*Supplied data*
■ ■ ■
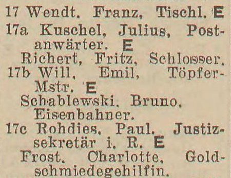 Adres: Blücherstraße 17. Gertruda Wendt (ur. 1924, zm. 30.03.1944 - epilepsja). Źródło: , 03.1944 poz. 34.
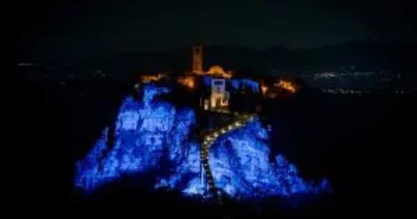 BAGNOREGIO - Duemila persone hanno partecipato alla grande festa di Bagnoregio per l’accensione permanente della rupe di Civita.
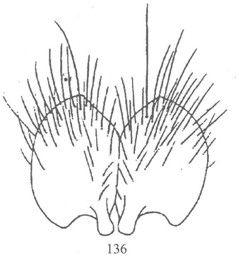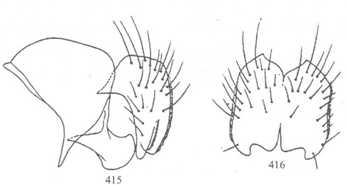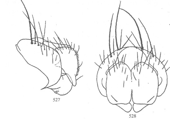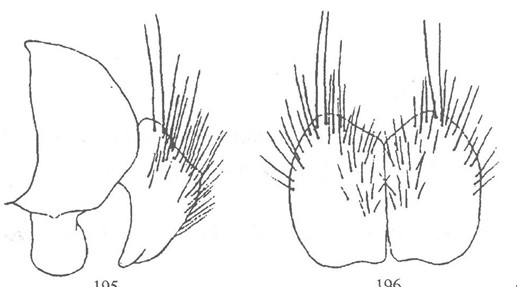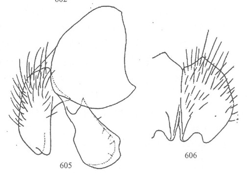 形态 ♂:体长约7.5mm。眼密生棕色长纤毛;额最狭处约等于后单眼外缘间距,间额宽于侧额;下眶鬃达于单眼三角附近,以下半部的鬃为长大,无上眶鬃;触角黑,第三节长为宽的2倍;长羽状,最长芒毛为触角第三节宽的1.5倍;侧颜具黄粉被,宽约为触角第三节宽的1.5倍强...
■ ■ ■
*Work request*
A verbatim copy of the data, free of pictures, is the expected answer.

*Answer area*
 Adres: Blücherstraße 17. Gertruda Wendt (ur. 1924, zm. 30.03.1944 - epilepsja). Źródło: , 03.1944 poz. 34.
 BAGNOREGIO - Duemila persone hanno partecipato alla grande festa di Bagnoregio per l’accensione permanente della rupe di Civita.
 形态 ♂:体长约7.5mm。眼密生棕色长纤毛;额最狭处约等于后单眼外缘间距,间额宽于侧额;下眶鬃达于单眼三角附近,以下半部的鬃为长大,无上眶鬃;触角黑,第三节长为宽的2倍;长羽状,最长芒毛为触角第三节宽的1.5倍;侧颜具黄粉被,宽约为触角第三节宽的1.5倍强...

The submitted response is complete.